Why does my segmentation result keep producing one dominant segment and several tiny ones?

This usually indicates one of three problems. First, your outcomes may not differentiate enough. If 25 of your 30 outcomes are uniformly underserved across all respondents, the clustering algorithm has little variation to work with. Check whether your outcomes span diverse job steps. Second, your sample may be too homogeneous. If you surveyed only power users or only enterprise accounts, you may have pre-filtered out the variation that segmentation needs. Broaden your sample. Third, your k value may be too high. Try k=3 instead of k=5 and see if the dominant segment splits into two meaningful groups at the lower k.

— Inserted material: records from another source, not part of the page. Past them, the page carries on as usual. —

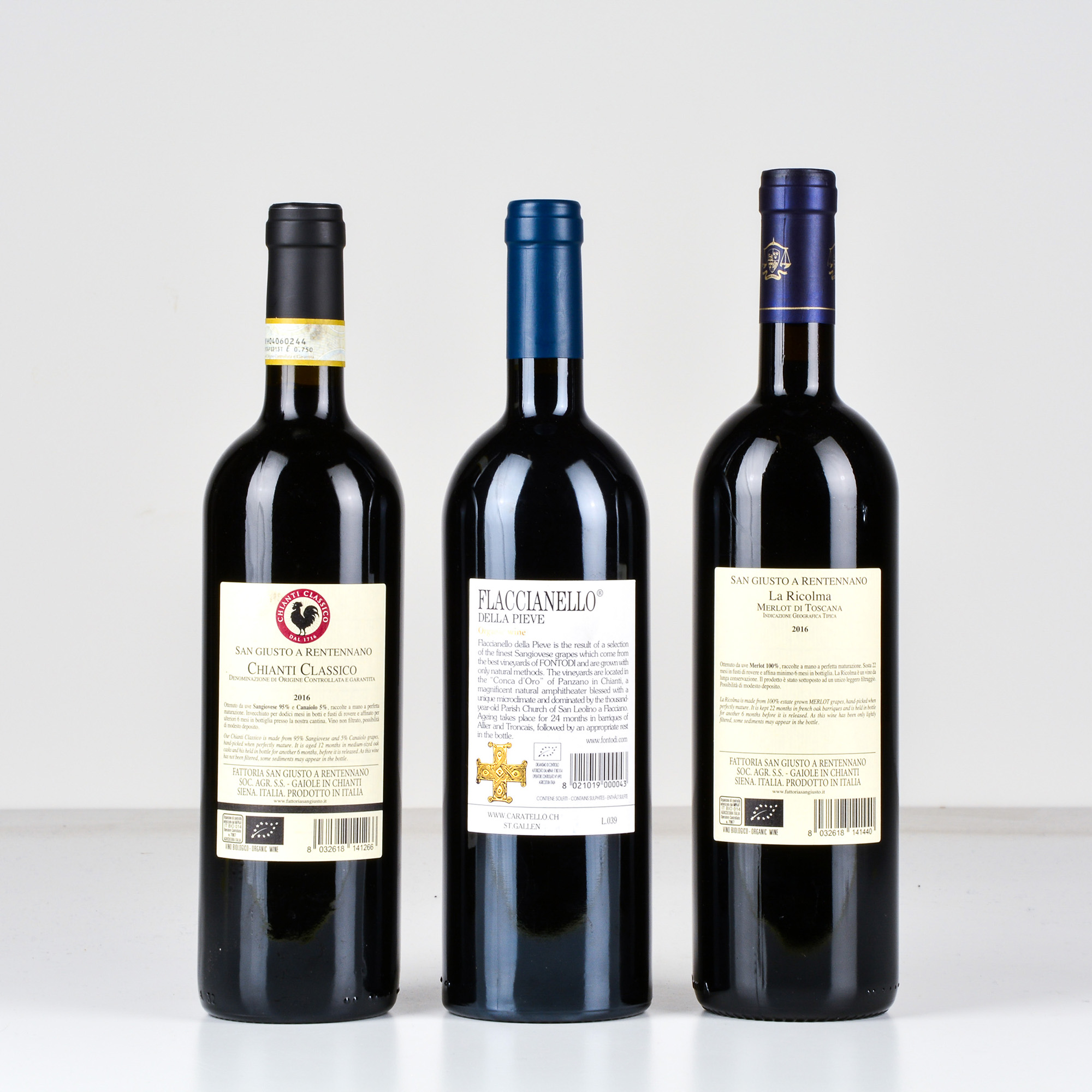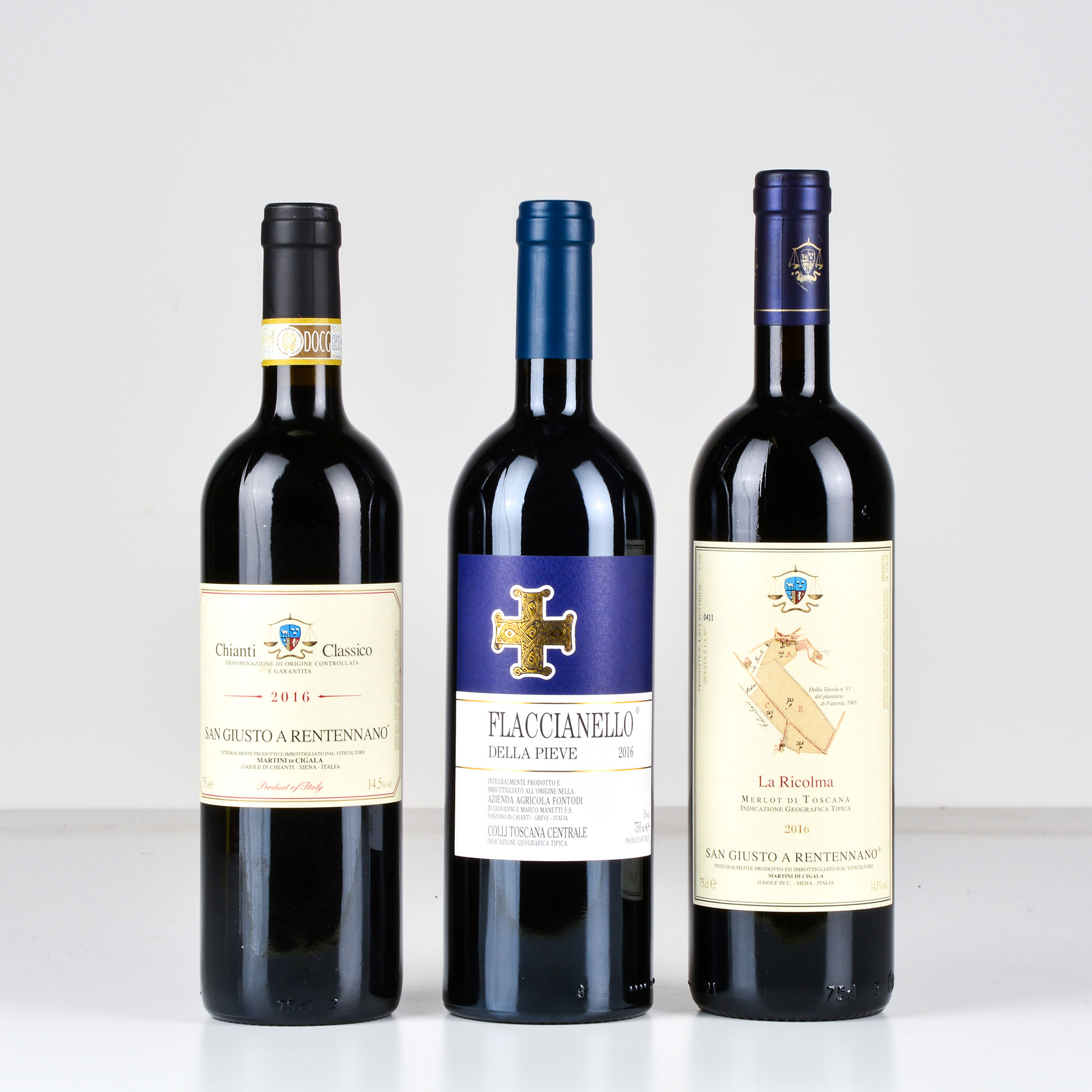 San Giusto a Rentennano, Chianti Classico San Giusto a Rentennano, La Ricolma Merlot Fontodi, Flaccianello della Pieve, (3 Bts) 2016 Chianti Classico 1 Bt WN La Ricolma 1 Bt WN Flaccianello della Pieve 1 Bt WN
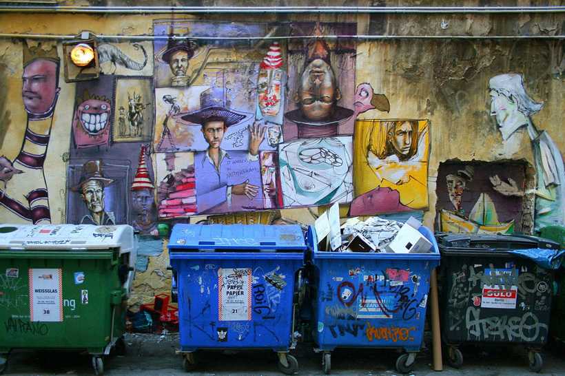 Швейцарский скульптор Жан Тэнгли в 1960 году представил «саморазрушающуюся» композицию «Homage to New York». Конструкция из железа и металла постепенно превращалась в груду мусора на глазах у посетителей. Они могли не просто наблюдать, но и чувствовать запах и слышать процесс разрушения.
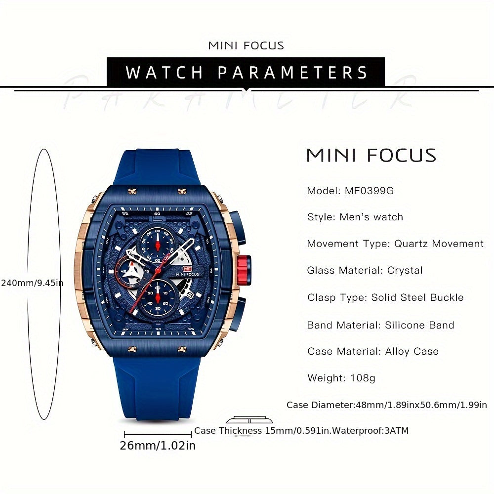 Reloj de cuarzo para hombre con correa de silicona, forma tonneau, puntero, deportivo, con pantalla luminosa
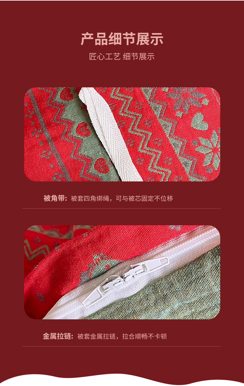 春皖家纺 2026新款全棉色织双层纱提花百福系列拉链款-单被套 红绝影
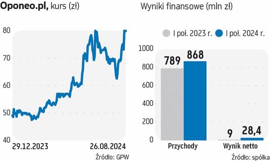 Wiarę inwestorów w internetowego dystrybutora m.in. opon wzmocniły bardzo dobre wyniki za II kwartał 2024 r. Jak wyjaśnia Piotr Łopaciuk, analityk Biura Maklerskiego PKO BP, spółka skorzystała na bardzo wysokiej rentowności w segmencie opon oraz dźwigni operacyjnej w szybko rozwijającej się spółce zależnej Dadelo, sprzedającej rowery. Marża brutto na sprzedaży brutto w I połowie 2024 r. zwiększyła się do 23,5 proc. z 18,6 proc. w analogicznym okresie rok temu.
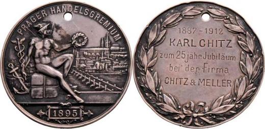 J.S. - Pražské obchodní gremium 1895 - sedící Merkur, pohled na Prahu, vročení a opis/ 5-řádkový rytý nápis ve věnci, Sign., Ag 55mm, 39.219g, díra, hrany, pat.
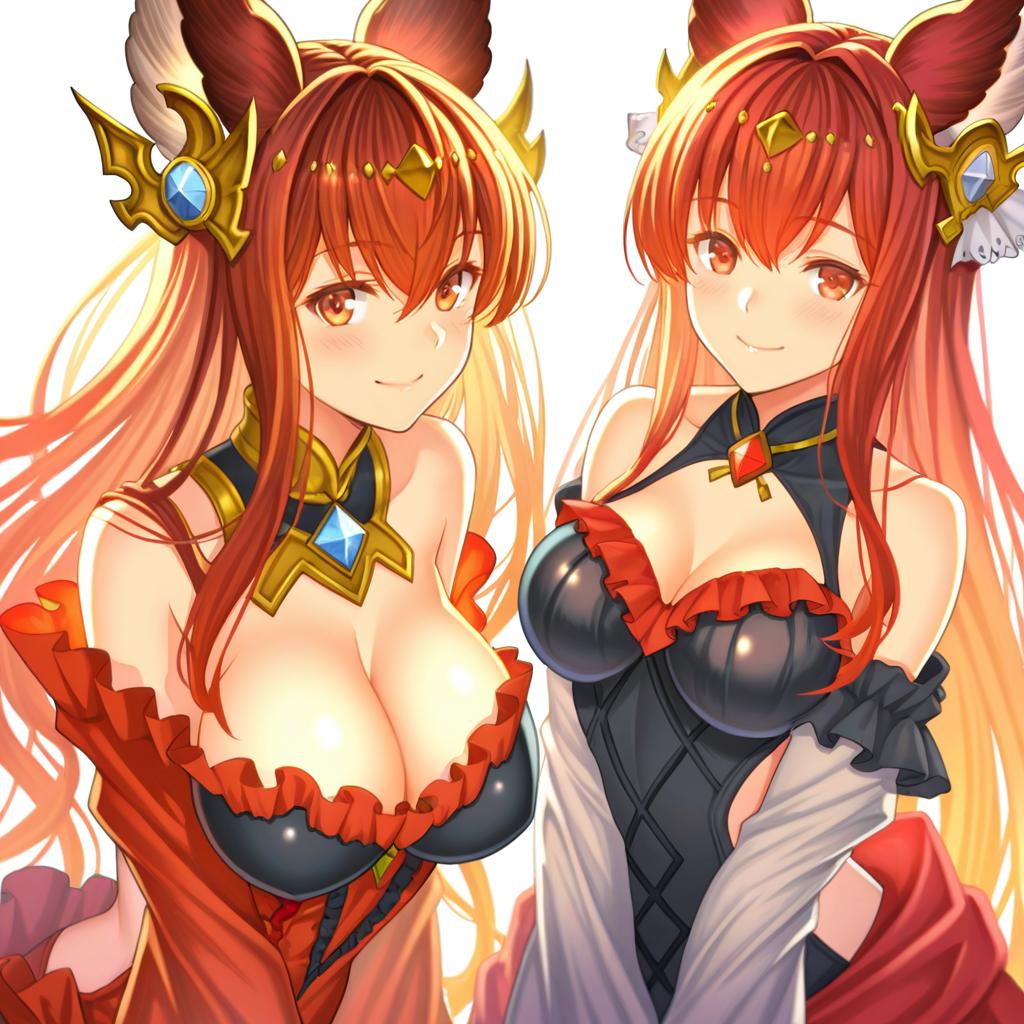 Anthuria, granblue fantasy, 1girl, animal ears, red eyes, hair between eyes, red hair, long hair, hair ornament, medium breasts, large breasts, cleavage, bare shoulders, detached sleeves, erune, by artist jj (ssspulse), illustrious
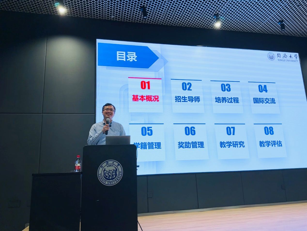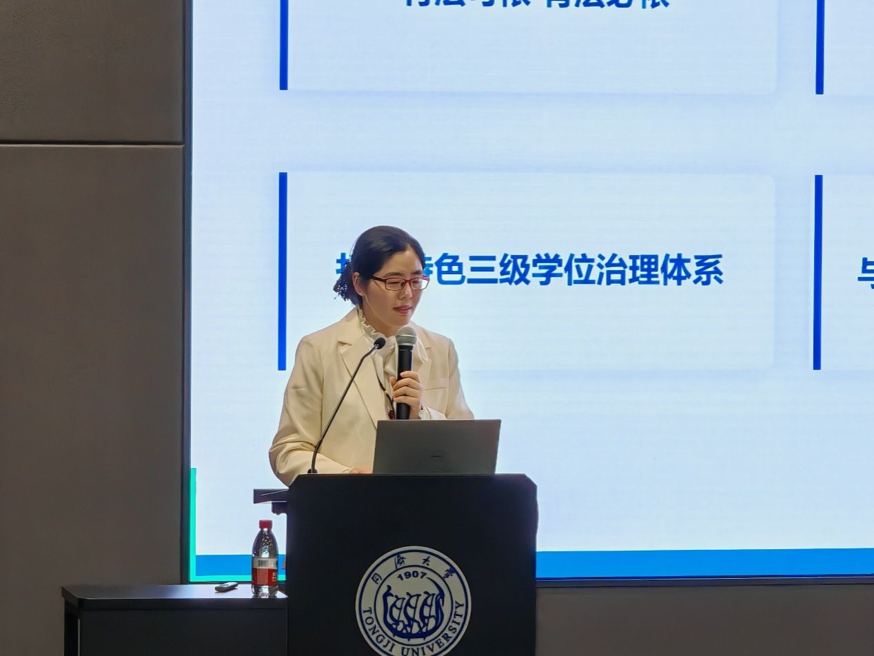 研究生院学位办贾利苹老师系统解读了《同济大学学位授予工作细则》及《同济大学学位授予复核办法(试行)》的修订背景与核心内容。她指出,两项制度的修订以2025年1月起施行的《中华人民共和国学位法》为依据,结合国家关于学术学位与专业学位分类发展的政策导向,进一步完善了校、院、学科三级学位治理体系,推动研究生培养工作的规范化与科学化。报告重点介绍了修订方向:一是强化学位授予流程的统一性与规范性,明确各环节的审议与管理要求;二是优化评审机制,细化学位论文形式与评审标准,增强分类培养的特色;三是建立健全学位授予的复核机制,保障学位申请人的合法权益。
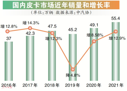 皮卡的“路”正一步步解禁 提到皮卡,“15年报废”“不让进城”一度困扰皮卡进入家庭,销量进展缓慢。但这一切正成为过去式。 4月25日,《国务院办公厅关于进一步释放消费潜力促进消费持续恢复的意见》第四条第13点中提出,“对皮卡车进城实施精细化管理,研究进一步放宽皮卡车进城限制”。这是自2016年皮卡解禁试点以来,对放开皮卡进城的举措形成最有力支撑。据统计,目前全国放宽皮卡进城限制的城市已达到70%以上,相比2015年,已有90多个城市对“皮卡解禁”进行了积极的响应,这成了皮卡市场焕发新机最大的动力。乘联会秘书长崔东树认为,将皮卡纳入促消费举措中,将对皮卡市场发展起到强有力的助推作用,有利于拉动皮卡潮玩消费文化的发展。 紧接着,《多用途货车通用技术条件》5月1日发布,更让皮卡迈出了身份转变的重要一步。业内人士指出,这将为交通管理执法部门提供技术参考依据,推动皮卡市场扩容。记者还留意到,在国家汽车促消费政策的总基调下,今年以来皮卡车型已在汽车三包、改装上牌等层面的政策上得到了大力支持。一系列放宽皮卡车辆管理和进城限制的政策,如可使用ETC、不用再喷字、贴反光条等,都大大提高皮卡的使用便利程度。 国内:皮卡成消费新增长点 国家信息中心信息化和产业发展部副处长谢国平在2021年举办的“第11届中国汽车论坛”上指出,从2015~2020年,皮卡的增长倍数达到1.51,而汽车总体市场倍数为1.03,乘用车仅为0.95。中汽协数据显示,去年皮卡销量首次突破50万辆大关,创下历年最高,其中皮卡产销分别完成54.7万辆和55.4万辆,同比分别增长11.2%和12.9%。分析表示,在政策放开、消费升级、需求升级的驱动下,皮卡市场正激发起供给热情,成为汽车产业的新蓝海。 “虽然皮卡当前体量还不算大,但它表现出了非常好的成长性。”谢国平说。她表示,皮卡的产品属性正从工具属性向消费属性转变,带动越野、自驾游、玩车、改装等新汽车消费文化。皮卡的解禁对城乡融合、拉动城乡之间经济往来,也起到推动作用。 中汽协分析认为,若大规模放开限行,皮卡市场将有百万级的增长空间。同时,国产皮卡企业供给呈现高端化、乘用化、多元化的全新形象,对消费者的吸引力大幅提升。 国际:皮卡成拓展海外市场的先锋 当前,虽然长城皮卡通过乘用化发展的优势占据市场较大份额,但比亚迪、吉利、长安、郑州日产、江淮、五菱等也陆续发布皮卡新产品布局消息,市场竞争将更激烈。皮卡,是中国汽车市场中,为数不多能“碾压”国外品牌的车型。乘联会数据显示,2020年中国品牌皮卡在国内终端消费的占比为88.8%,2021年更达到90%以上。乘联会指出,中国皮卡在产品力方面已经超越海外产品,更有潜力作为国产汽车品牌走向全球的突破口。 数据显示,当前皮卡在中国汽车出口中扮演了重要角色。中汽协数据显示,2021年全年我国皮卡出口数量为109411辆,同比增长119.34%,出口量占到我国皮卡全年产销量约五分之一,中国制造的皮卡远销新西兰、智利、南非、沙特、墨西哥等地。今年,在供应链紧张之下,皮卡出口仍再创新高,一季度累计出口41184辆,累计增长达54.84%。上汽大通、长城、长安、江淮等成为皮卡拓展海外“航线”的先锋品牌。 “当前,皮卡出口所占的比重在行业来看是比较高的,皮卡的出口比重近两年都在10%以上,而汽车总体只有4%。”谢国平指出,在全球市场,皮卡竞争并不如乘用车那么激烈,中国品牌在全球市场角逐的时候,主要面向的是美系的皮卡和日系的皮卡,较少会看到韩系、欧系这样的产品跟自主品牌竞争。 新趋势:皮卡也可以“低碳” 更经济环保的皮卡车型已在研发路上。 本周,马斯克公开“吐槽”其即将推出电动皮卡CyberTruck的首批订单数量,“已经超过了我们在投产后三年内可能完成的订单,这种需求甚至达到了荒谬的程度。”据特斯拉数据,截止至2021年5月,特斯拉CyberTruck的全球预订量已近150万辆。 在排放法规愈加严格的情况下,更智能、舒适的“低碳”皮卡已被众多车企“盯上”了。明年将是国内新能源皮卡“混战”的一年。2023年,比亚迪将基于纯电动以及DM双模混动技术推出该品牌的首款皮卡车型;长城汽车则计划今年年底前上市一款搭载混动9HAT变速箱的全尺寸皮卡;此外,福田、中兴、重汽等都有在一年内投放乘用化新能源皮卡的规划。在国际市场,福特、大众、通用都已经在着手纯电皮卡的落地,部分车型也计划正式进入中国市场。 或许很多人仍把皮卡当成“小众”产品,但事实上很多车企都开始有计划地推出皮卡了。既有轿车的舒适性、便利性,SUV的越野性,旅行车的休闲性及轻型货车的装载性;还可以经过改装拓展更多应用场景……这正是皮卡在乘用化、家用化后的优势,皮卡正在向“不小众”的方向持续扩宽道路。 促进皮卡发展的利好年内密集发布 1月1日 家用皮卡进“三包” 1月1日,国家市场监督管理总局发布的新《家用汽车产品修理更换退货责任规定》施行,该规定扩大了家用汽车三包范围,其中提及“对家用皮卡车实施三包,保护皮卡车消费者权益,促进皮卡车行业快速发展”。 1月1日 皮卡进碰撞测试 1月1日,中国汽车技术研究中心修订的《C-NCAP管理规则(2021年版)》实施,新车碰撞测试选车范围中增加了最大设计总质量≤3.5吨的皮卡(多用途货车) 4月1日 新增皮卡驾驶资质 4月

Can I combine outcome-based segments with behavioral data from my product analytics?

Yes, and this is an advanced practice that strengthens both the segmentation and your ability to operationalize it. After defining outcome-based segments from survey data, map each surveyed user to their product analytics profile. Look for behavioral signatures that correlate with segment membership: feature usage patterns, session frequency, workflow sequences. If you find strong correlations, you can build a predictive model that assigns non-surveyed users to segments based on their in-product behavior alone. This makes the segmentation live and operational rather than a static research artifact.

How do I present outcome-based segments to stakeholders who are used to demographic personas?

Start by acknowledging that demographic personas are familiar and useful for some purposes, then show a concrete example where two demographic personas have opposite unmet needs, or where two customers in different demographics share the same pain. Use the overlay data from Step 6 to show how outcome segments relate to familiar demographic categories without being defined by them. Frame outcome segments as 'what to build and why' and demographic profiles as 'who to target and where.' Most stakeholders convert quickly once they see that outcome segments produce clearer roadmap decisions than personas like 'Marketing Mary' ever did.